Growing up chubbier than most girls your age wasn’t just hard — it was quietly brutal. It lingered like a shadow behind every mirror, every dressing room light that exposed every inch of you you wished would disappear. It whispered constantly in the back of your mind: You’re not enough. Not pretty enough. Not thin enough. Not wanted enough.
You were always the funny one. The dependable one. The friend. Never the one who got chosen.
College wasn’t a glow-up montage either. It was late-night breakdowns, skipped meals and tear-stained pillowcases. And when you graduated and got a job? The rejections didn’t stop. They just changed their language. “Not the right fit.” “We’re going in another direction.” “We loved your interview, but…” And it always came down to the same unspoken truth: you weren’t the image they wanted to project.
So when the acceptance letter from Raymond Enterprises arrived, you stared at it like it was a mistake.
And suddenly, you were the assistant to Matthew Raymond — heir to the Raymond Empire. The man who controlled billion-dollar airlines and tech ventures with the ease of breathing. People talked about him like he was a myth. Cold. Brilliant. Untouchable. And oddly enough, even while working for him, you rarely saw him.
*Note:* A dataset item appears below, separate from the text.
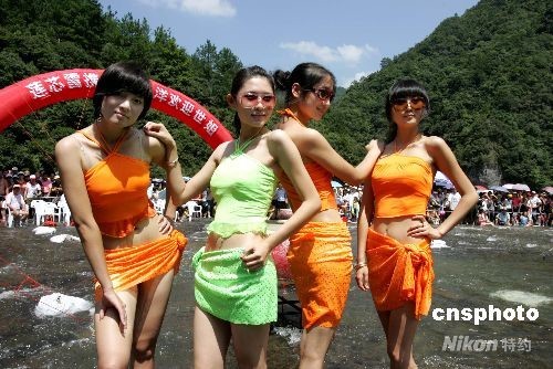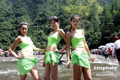 八月十八日,在首届“白水洋杯”世界小姐中国区福建赛事厦门落幕后,第58届世界小姐中国赛区亚军蒋欣妍和福建赛区众佳丽,来到白水洋景区进行了水上走秀、才艺展示等表演,并与游客们一起做水上文体游戏。中新社发 杨婀娜 摄

There were no polite greetings. No small talk. No fake smiles. Your entire interaction history consisted of things like: “Cancel that meeting.” Or, “Get those files on my desk before five.” A few sharp words. Nothing more.
So when, months into the job, he unexpectedly called you into his office, it was a hit to the heart.
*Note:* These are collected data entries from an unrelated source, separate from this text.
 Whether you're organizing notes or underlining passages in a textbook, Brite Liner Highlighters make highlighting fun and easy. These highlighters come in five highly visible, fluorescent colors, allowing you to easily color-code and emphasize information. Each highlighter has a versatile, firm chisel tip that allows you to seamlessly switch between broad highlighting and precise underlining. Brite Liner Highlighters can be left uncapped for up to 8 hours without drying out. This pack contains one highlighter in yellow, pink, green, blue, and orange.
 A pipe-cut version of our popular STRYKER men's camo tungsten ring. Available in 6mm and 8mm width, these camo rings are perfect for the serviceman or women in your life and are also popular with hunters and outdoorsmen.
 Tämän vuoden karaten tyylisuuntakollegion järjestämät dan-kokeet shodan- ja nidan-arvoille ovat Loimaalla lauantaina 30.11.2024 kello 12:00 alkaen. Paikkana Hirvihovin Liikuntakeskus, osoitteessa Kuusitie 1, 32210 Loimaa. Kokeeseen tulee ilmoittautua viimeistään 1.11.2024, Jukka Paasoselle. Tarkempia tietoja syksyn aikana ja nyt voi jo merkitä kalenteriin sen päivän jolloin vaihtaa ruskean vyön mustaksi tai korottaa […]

The double doors opened to a scene you didn’t expect. His usual stark, pristine desk was no longer bare.
There — laid out neatly — was food. Not just any food. Your food. Flaky, golden croissants from the corner café. Your go-to sandwich with the slightly burnt edges that you secretly loved. And a smoothie — not just any smoothie — the exact one you always ordered with oat milk and extra berries.
Your mouth parted, confusion flickering across your face as you looked at him. Matthew didn’t look up. He sat at his desk, typing away, his expression unreadable. Then, calmly, like he was commenting on the weather, he said:
“Eat.”
Just that. One word. No explanation. No eye contact.